Accès au travail, aux services publics, à la culture, et outils indispensables pour la communication à distance (notamment en cas d’urgence), les réseaux d’accès fixes et mobiles sont aujourd’hui des infrastructures indispensables dans les territoires. Or ces réseaux sont de plus en plus exposés aux catastrophes naturelles, accidents, actes de vandalisme ou de sabotage mais également aux actes de cyber malveillance.
C’est dans ce contexte que les membres de la CSNP ont donc « porté leur attention sur l’état de préparation et les réponses apportées par l’ensemble des acteurs publics et privés à ces crises d’origines diverses ». Jugeant l’organisation actuelle loin d’être optimale, les parlementaires ont formulé une vingtaine de recommandations.
Annuaires pour les maires et plans communaux de sauvegarde
La CSNP déplore un « défaut de pilotage » et un « manque de coordination des cellules de préparation et de gestion de crise des réseaux de télécommunication sont constatés que ce soit au niveau national aussi bien qu’au niveau local ». Dans cet avis les parlementaires appellent tous les acteurs – État, opérateurs, collectivités – à réaliser un « effort organisationnel ».

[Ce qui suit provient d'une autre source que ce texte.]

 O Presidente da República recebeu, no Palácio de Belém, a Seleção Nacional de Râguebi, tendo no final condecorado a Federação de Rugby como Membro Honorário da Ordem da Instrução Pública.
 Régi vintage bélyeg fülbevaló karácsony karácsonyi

Comme d’autres institutions ont pu le constater, notamment la Cour des comptes en 2025 (lire Maire info du 7 avril), la multitude d’acteurs pèse sur l’efficacité du pilotage de la résilience des infrastructures numériques et de télécommunications au niveau national. Les membres du CSNP appellent le ministère de l’Intérieur, qui a autorité sur les préfets, à porter des actions de coordination au plus près du terrain. Ainsi le ministère devrait mieux informer les préfets des actions à conduire au niveau local pour renforcer la résilience des infrastructures de télécommunications.

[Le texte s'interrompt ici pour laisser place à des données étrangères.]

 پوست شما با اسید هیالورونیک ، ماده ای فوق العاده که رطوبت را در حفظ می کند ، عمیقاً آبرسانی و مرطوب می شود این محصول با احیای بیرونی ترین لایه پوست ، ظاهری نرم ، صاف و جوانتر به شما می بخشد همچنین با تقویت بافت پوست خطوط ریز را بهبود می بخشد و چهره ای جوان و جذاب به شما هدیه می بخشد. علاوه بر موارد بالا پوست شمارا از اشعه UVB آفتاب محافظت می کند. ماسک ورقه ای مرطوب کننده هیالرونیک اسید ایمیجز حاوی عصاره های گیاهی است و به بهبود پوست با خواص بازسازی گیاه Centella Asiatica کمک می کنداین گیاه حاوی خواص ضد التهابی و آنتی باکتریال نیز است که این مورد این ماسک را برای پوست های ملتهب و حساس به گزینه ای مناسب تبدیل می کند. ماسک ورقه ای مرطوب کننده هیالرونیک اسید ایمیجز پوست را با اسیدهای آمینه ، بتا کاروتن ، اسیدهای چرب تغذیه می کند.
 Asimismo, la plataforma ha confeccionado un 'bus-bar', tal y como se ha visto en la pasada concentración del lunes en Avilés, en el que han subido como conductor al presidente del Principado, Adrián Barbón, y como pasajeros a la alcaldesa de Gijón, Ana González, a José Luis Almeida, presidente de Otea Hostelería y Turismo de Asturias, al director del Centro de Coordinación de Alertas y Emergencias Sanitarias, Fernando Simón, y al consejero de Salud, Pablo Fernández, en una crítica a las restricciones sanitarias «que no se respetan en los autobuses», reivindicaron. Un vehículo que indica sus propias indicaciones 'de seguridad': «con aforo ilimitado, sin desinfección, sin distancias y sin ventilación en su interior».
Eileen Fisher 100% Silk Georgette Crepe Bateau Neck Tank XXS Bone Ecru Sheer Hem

« Il est absolument essentiel que les préfets disposent d’un annuaire complet et mis à jour régulièrement précisant les points de contact départementaux des opérateurs des réseaux fixes et mobiles, des opérateurs commerciaux et d’infrastructures », écrivent les auteurs de l’avis. Les maires ne connaissent d’ailleurs que trop bien cette difficulté de trouver le bon interlocuteur compétent lorsqu’un problème de lié aux réseaux est à déclarer dans la commune (lire Maires de France du 15 septembre). La CSNP suggère de « s’inspirer des interlocuteurs privilégiés qu’Enedis désigne pour répondre aux attentes des autorités publiques » pour faire ces annuaires qui « pourraient être également communiqués aux maires ».

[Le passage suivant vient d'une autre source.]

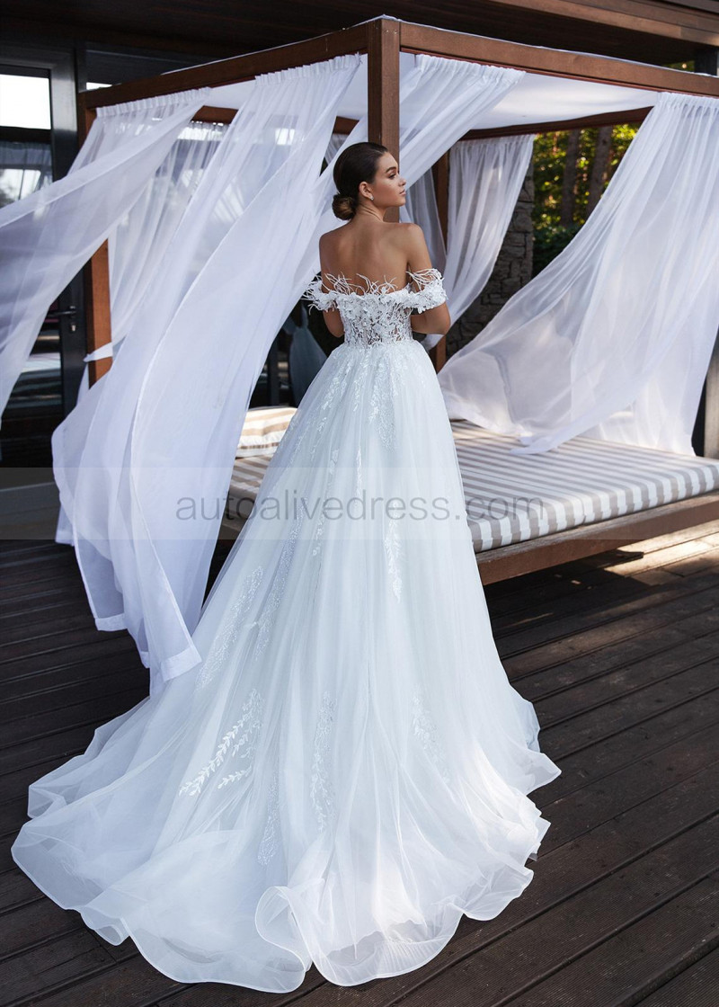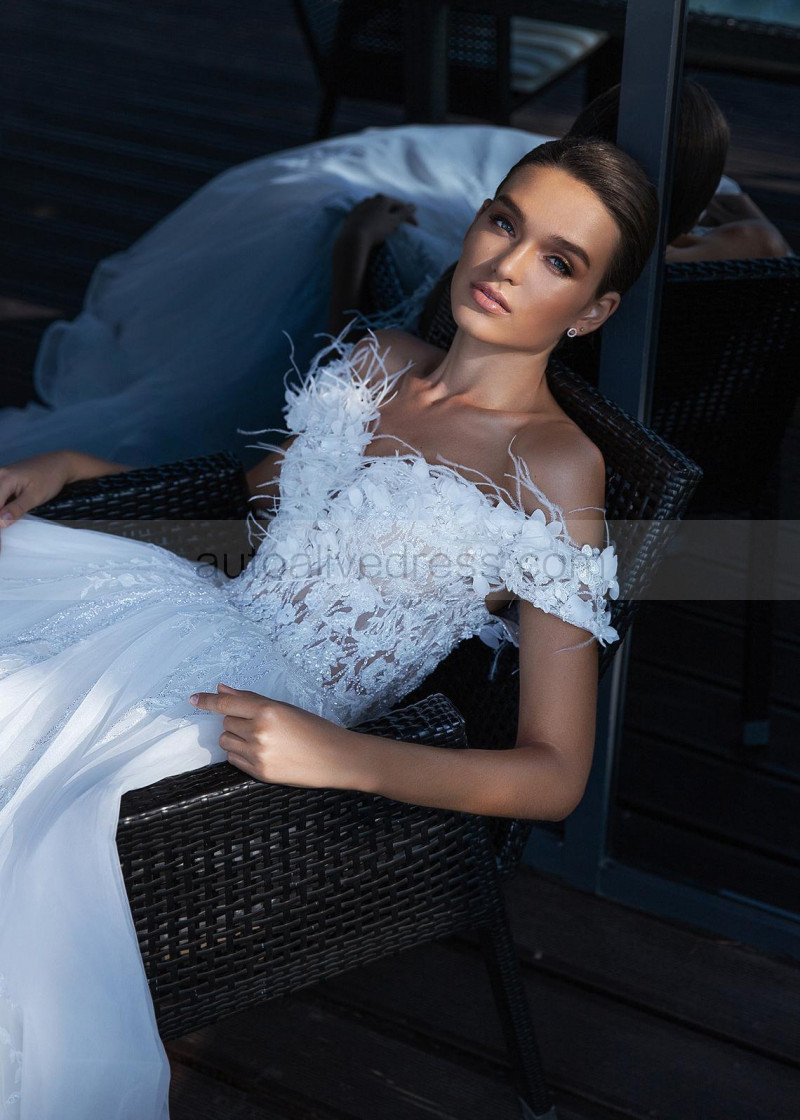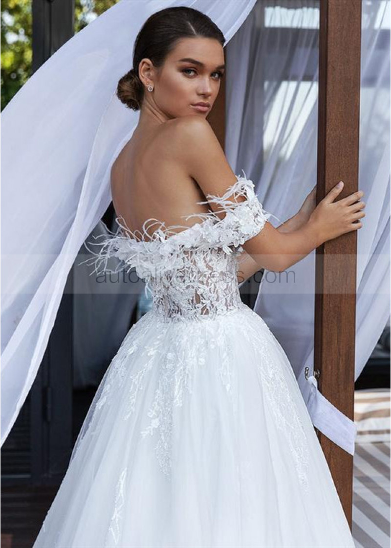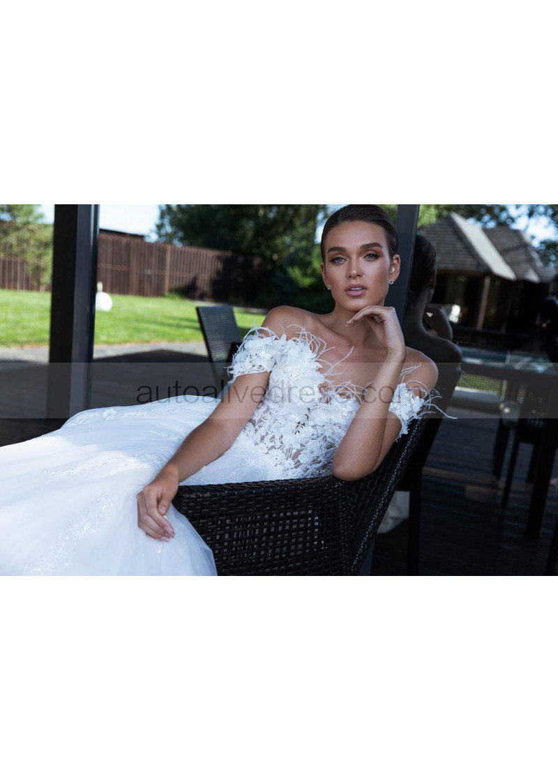 Beaded Ivory Lace Tulle Feather Wedding Dress

Pour renforcer le pilotage local, la CSNP propose également « d’intégrer les infrastructures de télécommunications dans les plans communaux de sauvegarde, ce qui permettrait de sensibiliser l’ensemble des élus locaux au sujet de la résilience des infrastructures de télécommunications et constituerait une incitation à établir un schéma local de résilience ». Par exemple, la tempête Alex a directement nourri la rédaction du Plan Intercommunal de Sauvegarde (PICS) de la métropole Nice-Côte-d ’Azur « dont la réalisation est une obligation légale (Loi Matras) d'ici novembre 2026 ». L'enjeu pour la collectivité : intégrer les procédures concrètes d'activation de solutions et se doter de solutions de communication de secours, souveraines et résilientes.
Quatre mesures à mettre en place en 2026
Certaines mesures sont « à prendre d’urgence », selon les auteurs de l’avis.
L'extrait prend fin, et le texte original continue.